I've seen that exact problem with my 622 in the last couple of weeks. I don't think it was on FSN though.


----------



## kward45 (Feb 15, 2006)

pbrown said:


> Hello-
> 
> I record a lot of full-length games on FSN, and have recently noticed a disturbing problems with my recordings from FSN Northwest. The program will appear correct in the list of PVR recordings, but once I try to play it, the recording will be corrupt. The recording will usually play OK at the beginning, but when I attempt to FF, the picture gets all distorted, and when I hit play, more often then not, it will reset to the beginning of the recording.

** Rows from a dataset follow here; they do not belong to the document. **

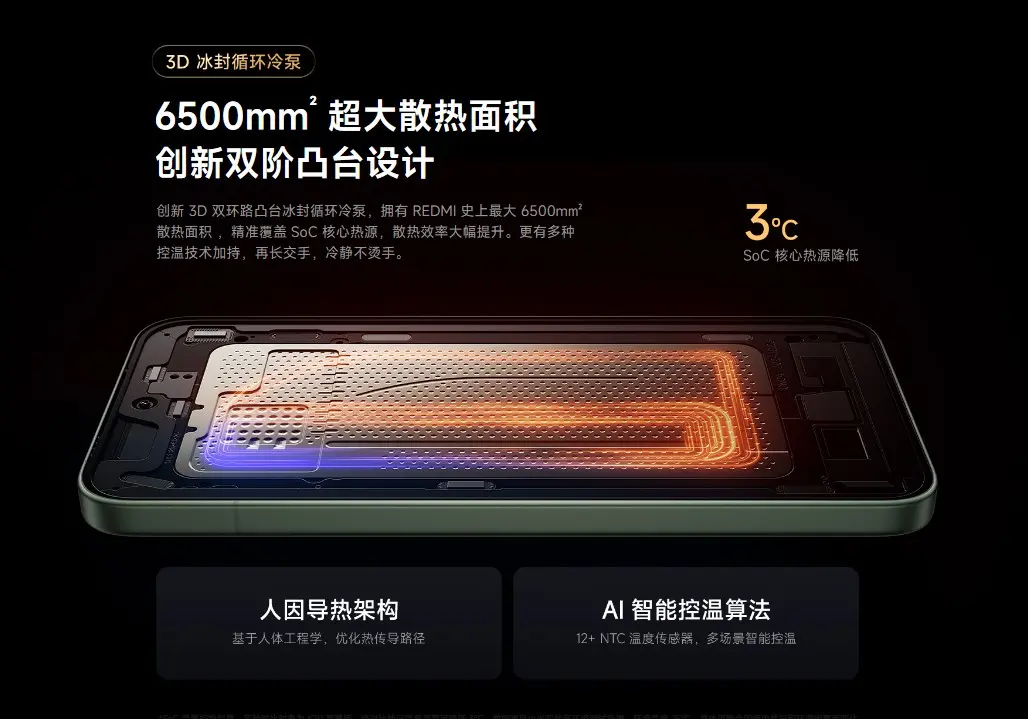 冷却機構に関しては、6500mm²の巨大ベイパーチャンバーと3Dダブルループ設計の冷却ポンプを採用。SoCの熱を効率よく分散することで、前世代機より最大3℃低温に抑える性能を実現し、長時間の高負荷利用時でも、発熱によるパフォーマンスへの影響を防ぎます。
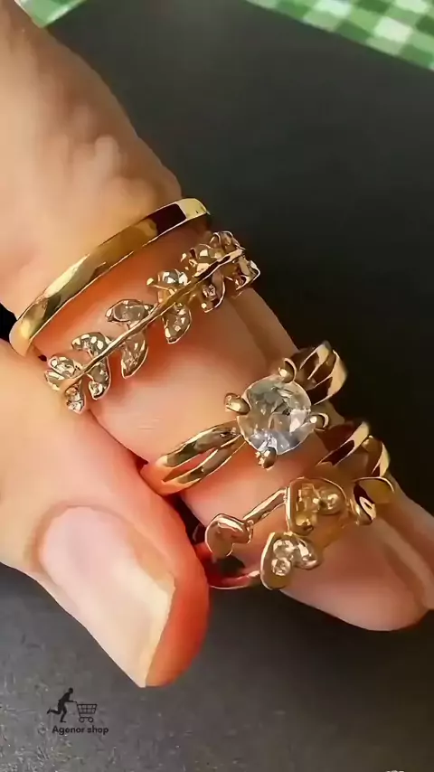 conjunto com quatro anéis Dourado prateado #aneis
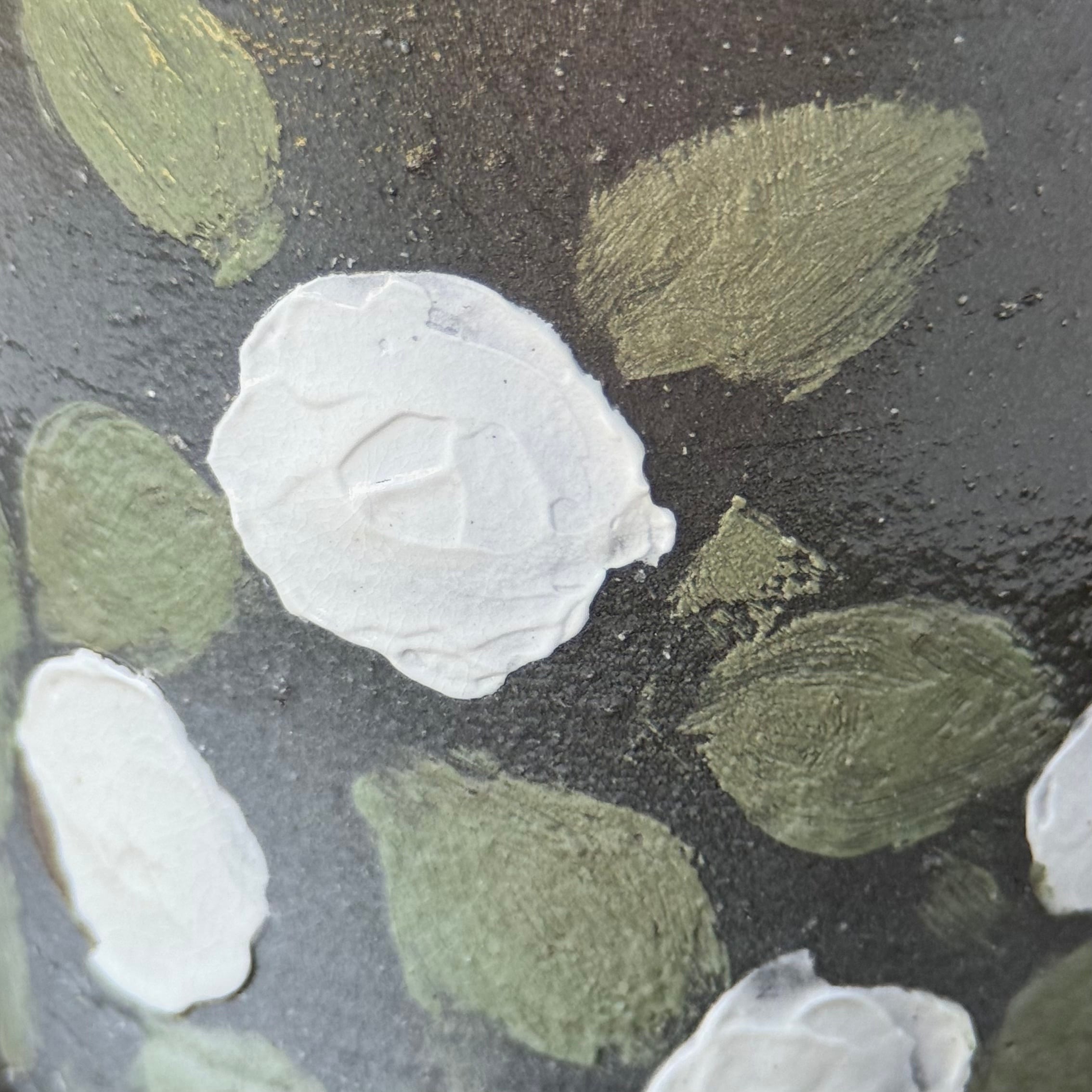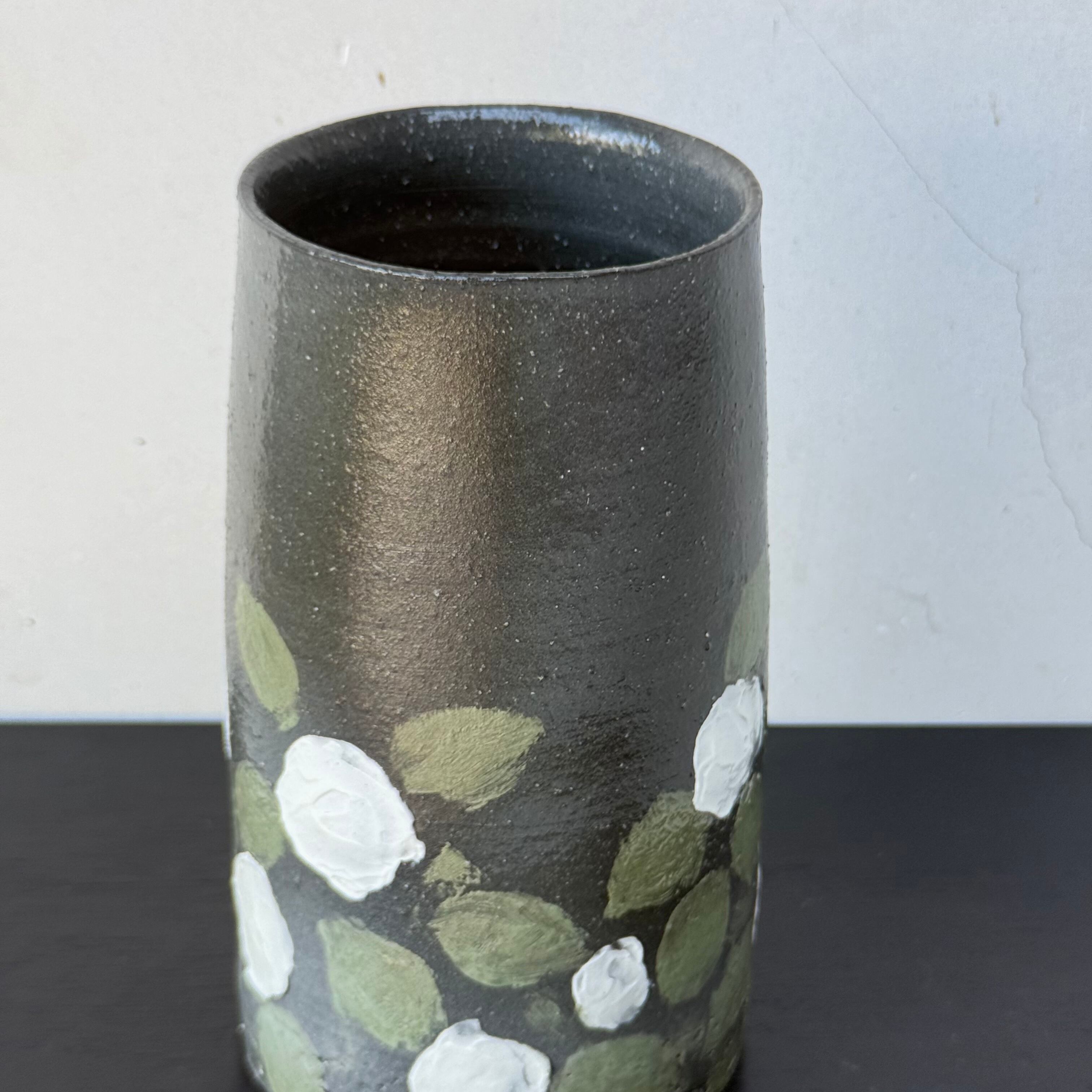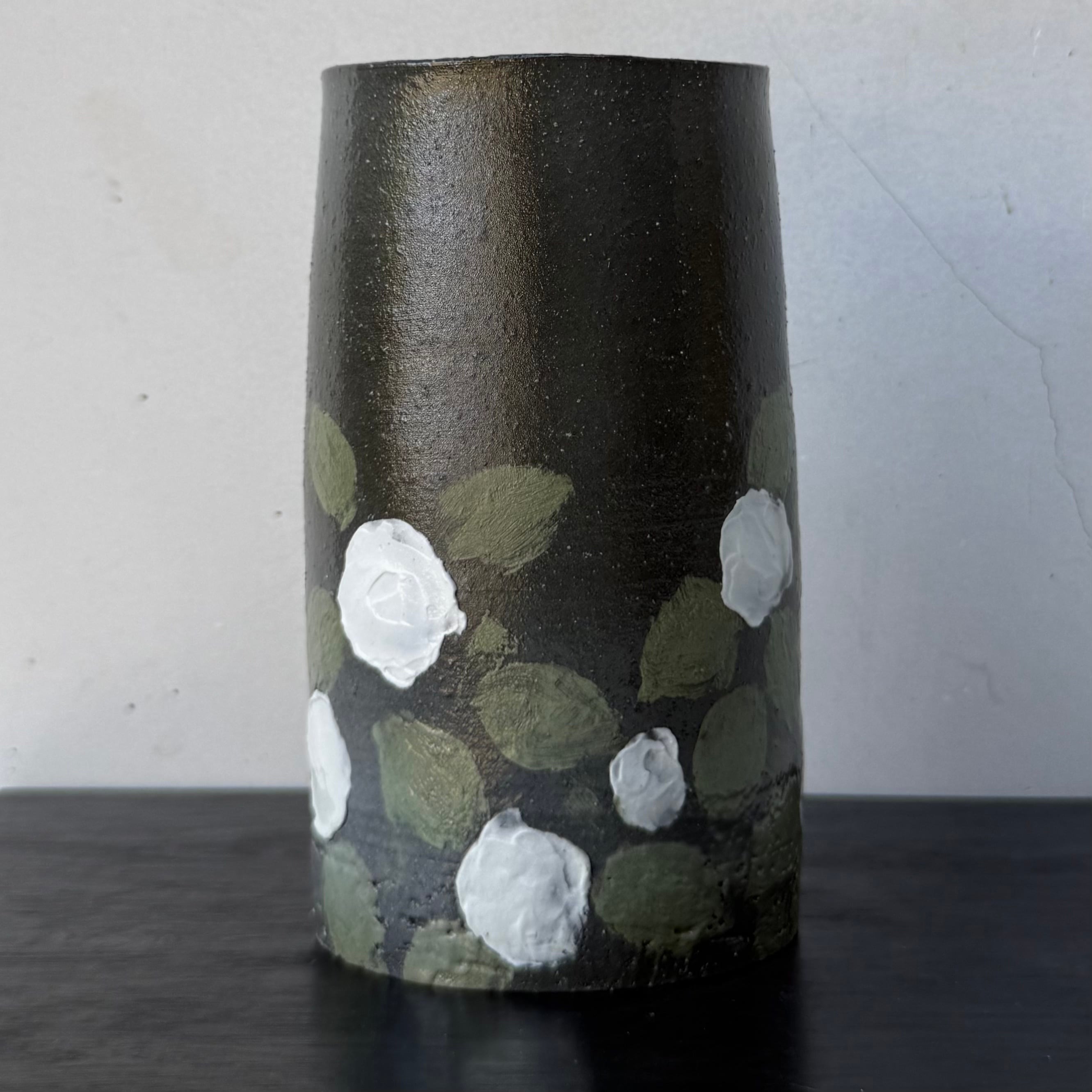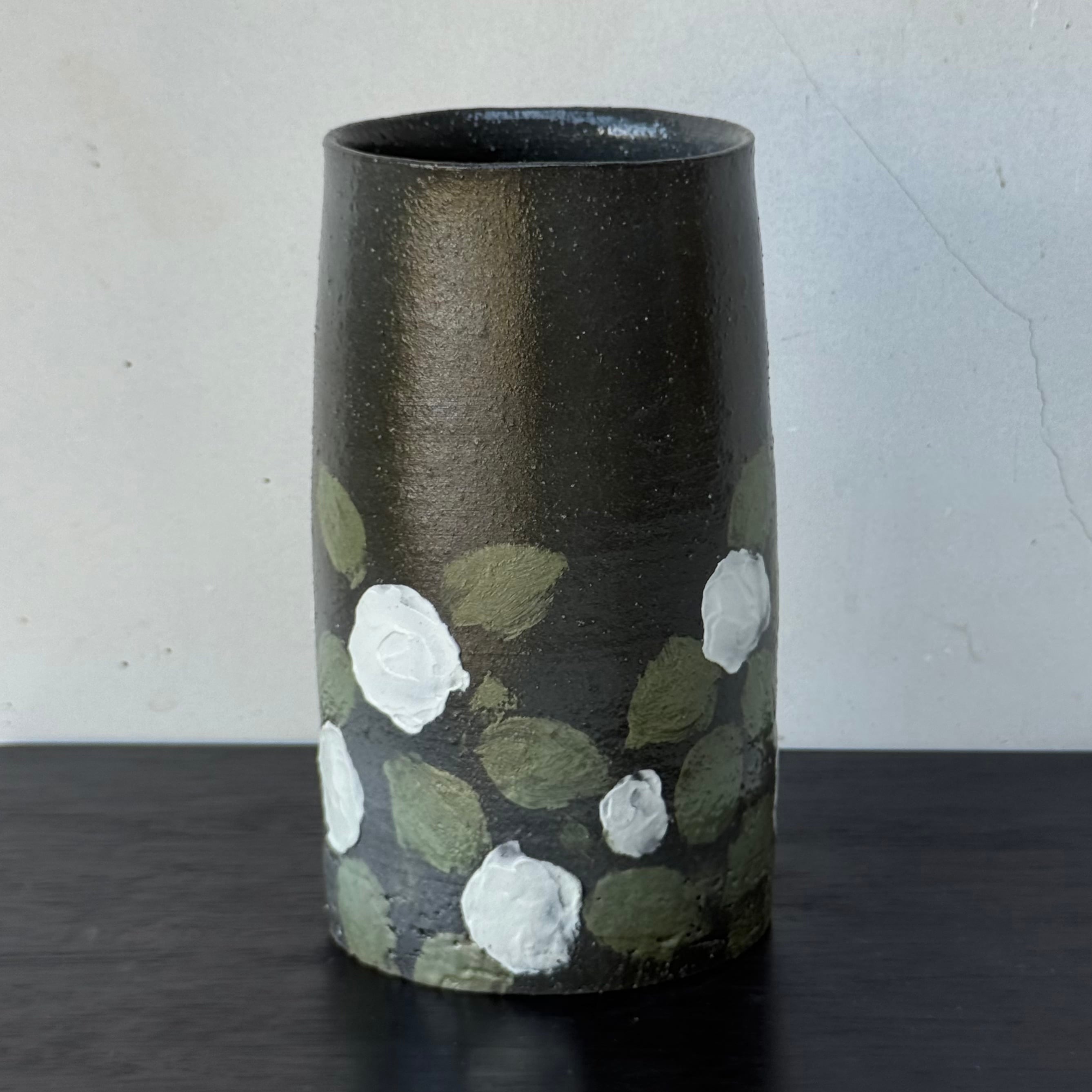 ヒマラヤの土で描いた白花がうつくしい黒釉の花入れです。

On a game I recorded last week, when I play it, it works for about a minute, then skips to the beginning in a loop.
> 
> What is wierd is that I had this problem on a recording over the summer on my first 622, but I just figured it was a one time event. Now it has happened 3 times in the last month. Is it possible that the way they compress FSN it is causing a problem? I've never had this problem on any channel beside FSN. Any other ideas?


Your not alone, I am having the same problem and have had this problem now on both my original 622 and now its replacement. Mine is happening on CSN-West Ch409. It is a sports network that carries all of the Sacramento Kings basketball games so the problem appears to be tied to sports channels
See my post from yesterday entitled *"Spontaneous restart of recorded program during playback"*

Please let Dish tech support know about this as soon as possible. The more it is reported the sooner it will get fixed.

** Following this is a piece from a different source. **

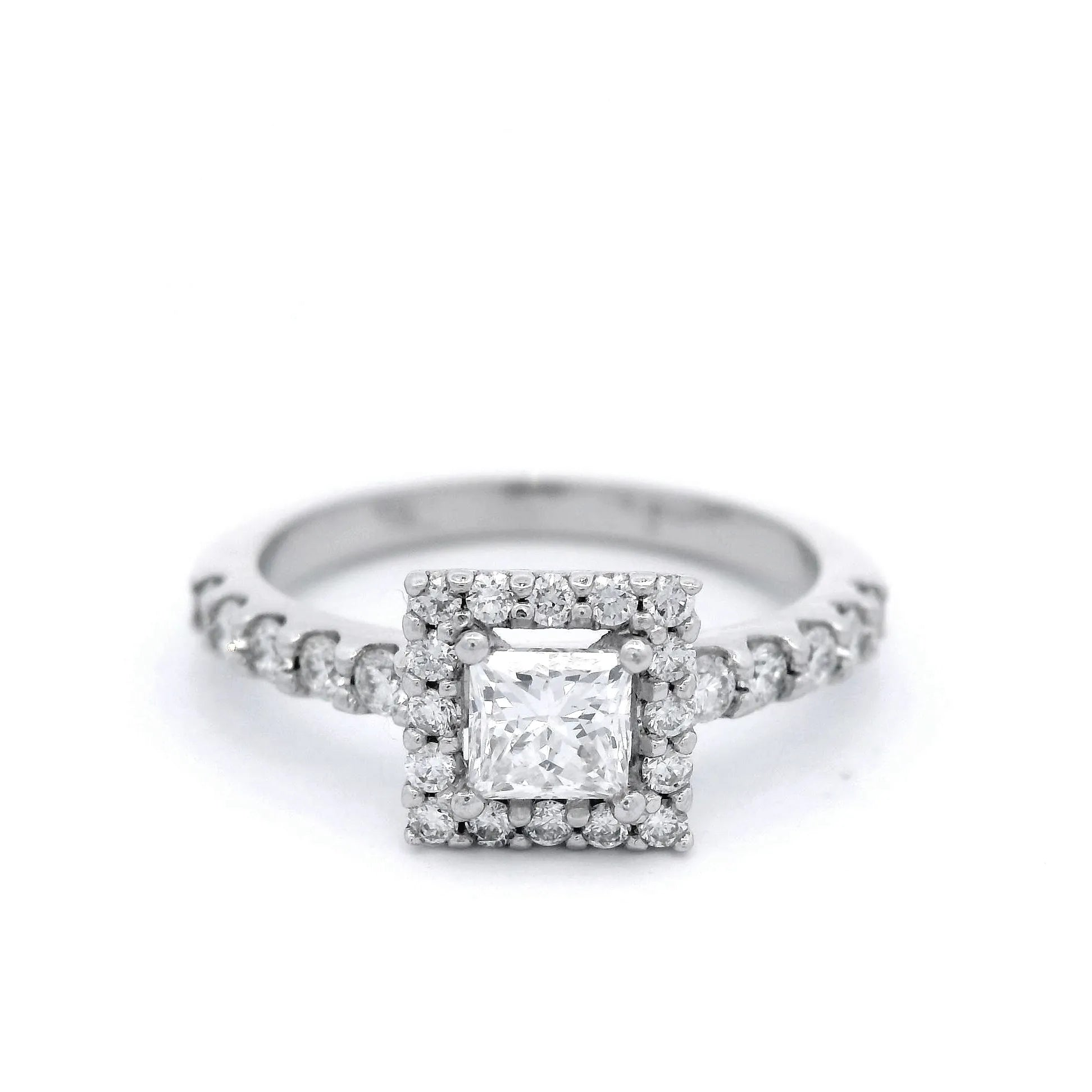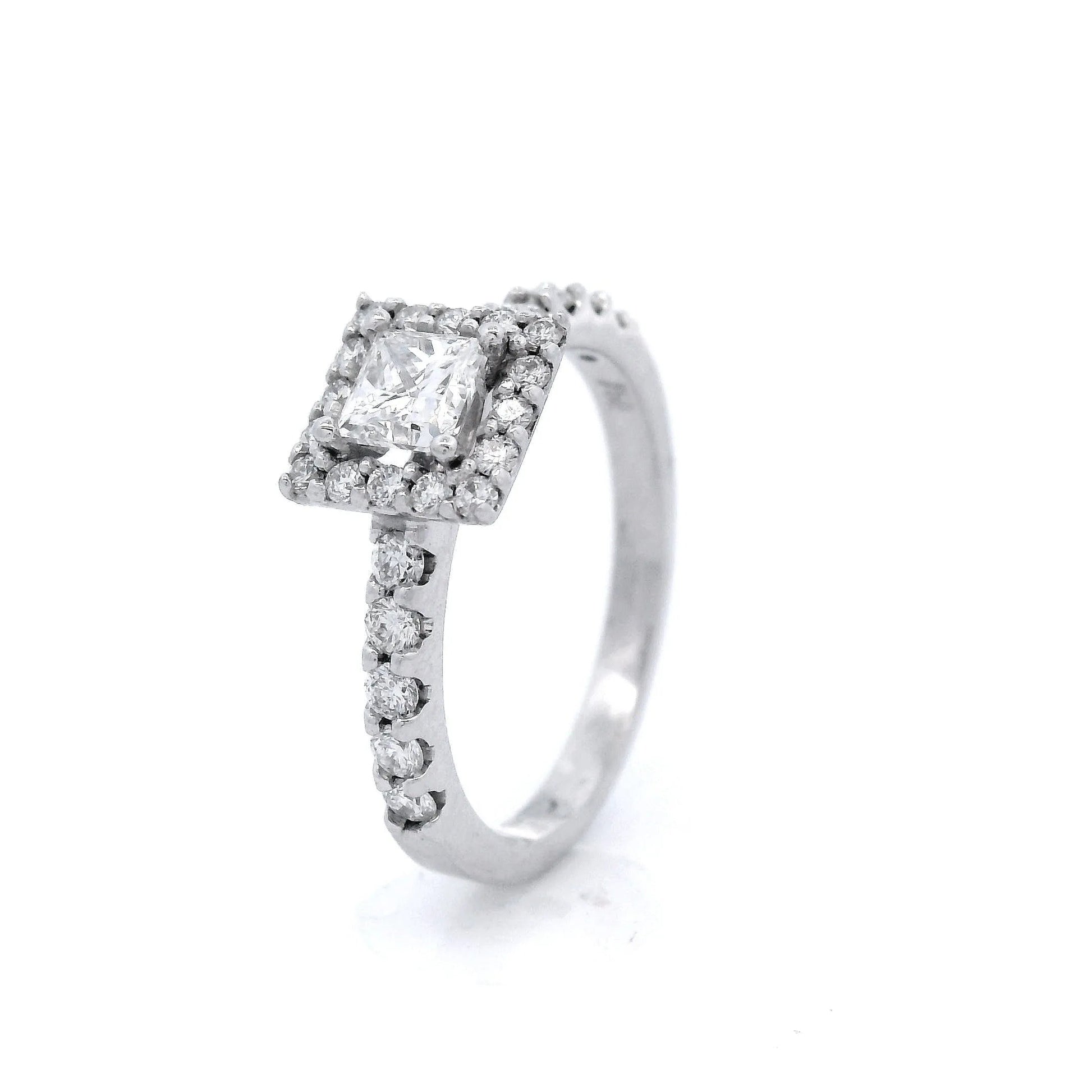 Square Shaped Diamond with Shoulder Set in White Gold

PS. your screen shot looks exactly like mine when I try to use fast forward.


----------



## Ken Green (Oct 6, 2005)

pbrown said:


> Just for fun, I thought I'd add a screen shot of what it looks like when I FF on a corrupt recording. Also, I wanted to mention that sometimes a recording can be OK for an hour or two, then it goes to this. Sometimes it's right off the bat.


PBrown,
I've had this issue recording FSN ever since I've had got my first 622 last February. It looks exactly like your screen capture. It's intermittent, it can happen anytime during the recording, and it seems to be much better now than when I first got the machine. I recorded every Cardinals baseball game on FSN this past season, so after 160+ recordings, I am fairly certain it is a FSN issue in the data being sent, or the way the 622 decodes the FSN data.
Same issue, different part of the country, and mine is FSN Midwest.

I've contacted QC at Dish, and it is a known issue they are still working on.


----------



## Rob Glasser (Feb 22, 2005)

pbrown said:


> Just for fun, I thought I'd add a screen shot of what it looks like when I FF on a corrupt recording. Also, I wanted to mention that sometimes a recording can be OK for an hour or two, then it goes to this. Sometimes it's right off the bat.


That's what you get for trying to record a Coug's game  Sorry couldn't resist.


----------



## pbrown (May 23, 2002)

Rob Glasser said:


> That's what you get for trying to record a Coug's game  Sorry couldn't resist.


Well, it's happened when I try to record the Fuskies too, so it's equal opportunity!


----------



## DanB474 (May 28, 2004)

This problem must have something to do with the FSN channels. However, I had this problem two or three times on A&E as well during hour long shows. 

It has also happened a few times to me on FSN Bay Area, and on a couple NHL Center Ice channels. I called Dish late last week, they said that they hadn't heard of the problem and sent me a new box. I just received the box today and have yet to hook it up. Now I'm wondering if I should even bother or just send them back their box.

Oh well - count me in as another who's had this problem.


----------



## bruin95 (Apr 23, 2006)

This used to happen on the NFL Network and ESPN, too. It seems to have "cleared up" on those channels. It happens mostly on sports channels which leads me to believe those channels don't want you rewinding, pausing, or fast forwarding their content for some reason. Just a thought.


----------



## kmcnamara (Jan 30, 2004)

OK, so I had this same problem on an A&E recording from yesterday so it's apparently not just a sports issue. It would be interesting to see if there are commonalities in the signal between the RSN's and A&E.


----------



## steeliebob (Jan 10, 2006)

That's funny Rob ... I was thinking the exact same thing


----------



## Rob Glasser (Feb 22, 2005)

steeliebob said:


> That's funny Rob ... I was thinking the exact same thing


Being a Husky I had to do it =)


----------



## pbrown (May 23, 2002)

Alright boys, maybe win an Apple Cup or a basketball game and we'll talk.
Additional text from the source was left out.